His Putting On A Face :-(

Just been speaking to my Elias and he just got it confirmed his off on sunday and its now so much more real for me, I knew what I thought id expect to feel but this is totally different and it really dont help coz his way of coping is to 'put on a face' act the tough guy he wont go home and visit his family saying he cant wait to go (his eyes tell a different story but he not ready to talk) and he is basically gonna spend the next 2 nights alone with his music and a few beers (ok a lot of beers!) He just told me that in 3 years he has been home to visit once and I just wanna be with him but am in England and cant.  Eli shares little information about his past life and I wont push him or ask to many questions all I do is make sure I am here to listen when he needs it and wants me to its not like im not here for the long haul.  I feel so helpless it doesnt help because his connection keeps failing, he set the bloody plug on fire but even before that the thing kept playing up bigtime and has to basically reset the whole damn thing and install a new programme.  One of the first things Eli shared with me was the fact that he does get low and when that happens and he does go quiet and he shared that his fear is that because of this he is scared he will end up pushing me away, he wont, im here no matter how hard it gets coz no matter how im feeling i cant even imagine what it must be like for him.  sorry i dont really have a question or anything i just needed to talk  posting on here just allows me to get it off my chest

TerrieUK TerrieUK
31-35, F
1 Response Mar 5, 2010

I am pretty familiar when it comes to him putting on a face... Paul does this.
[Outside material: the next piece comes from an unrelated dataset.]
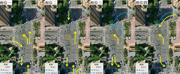 2.信控配時(shí)精細(xì)化:增加南向西左轉(zhuǎn)、東向西直行非機(jī)動(dòng)車專用放行相位,南向西左轉(zhuǎn)車流設(shè)置二次放行模式清空中央二次待行區(qū)排隊(duì)車輛,同時(shí)根據(jù)路口不同時(shí)段的交通特性重新細(xì)化時(shí)段,提升信號(hào)配時(shí)與交通流量的匹配度。
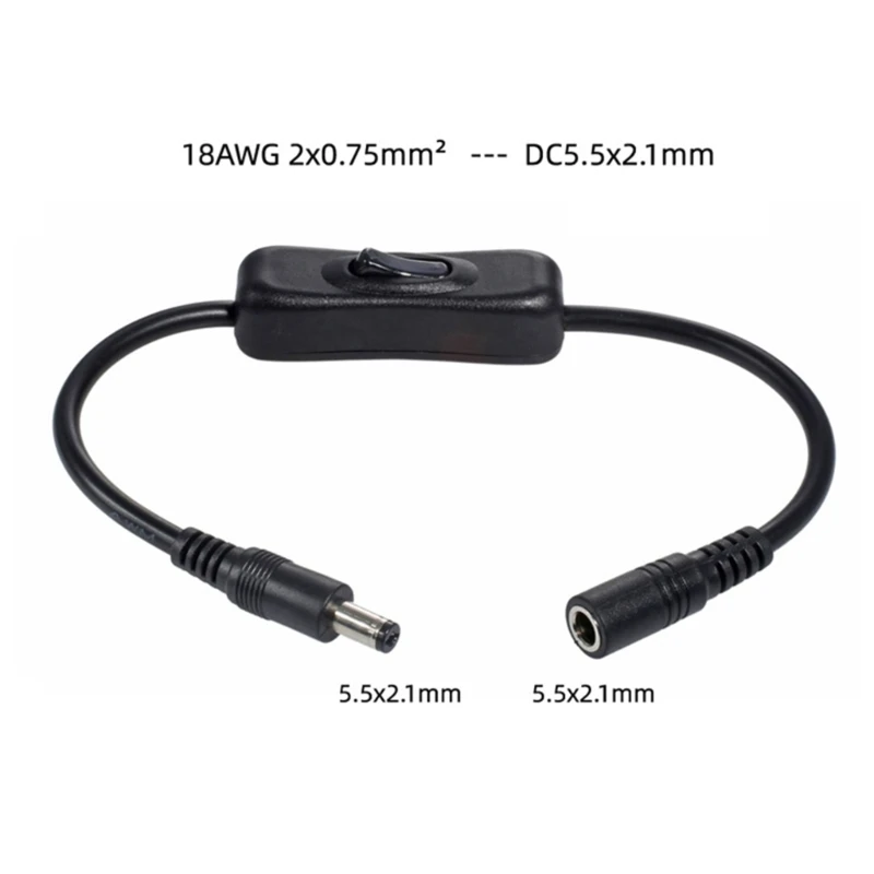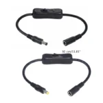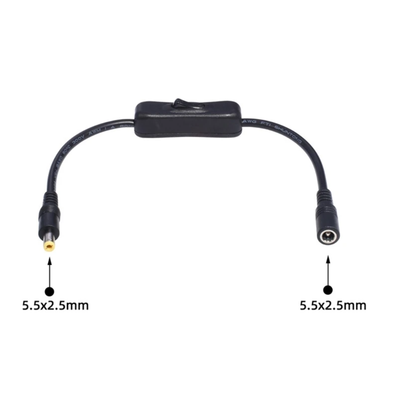This DC power extension cable with switches is compatible for both 5.5×2.1mm and 5.5×2.5mm connectors, making it versatile for use with various devices such as external hard drives, laptops, projectors, attendance machines, and routers. <br/>

It is important that we stay supportive of them, but at the same time it is important that he open up to you. I remember the night before Paul left to go back to Iraq... He was silent. We had dinner with his father and grandparents, then went to say bye to his friends, he was silent. He barely said 2 words to me. When we were alone, he told me that he was sorry if he hadnt said much, he just knew he was heading back to hell and was trying to mentally wrap his head around it. He did hold my hand, and kiss me all night and when it came time for him to go, I could see in his eyes just how much he was hurting even though he was trying to cover it up. The important thing is that Elias knows that you are special. He can open up to you... And more importantly, he needs to open up to you in order for you guys to stay close and bonded while he is gone. I know its hard. and we never want to push. But encourage him to tell you what he is thinking, and let him know when he does that you support him and want to know everything he is willing to share. Good luck!!! And feel free to message me, Im here.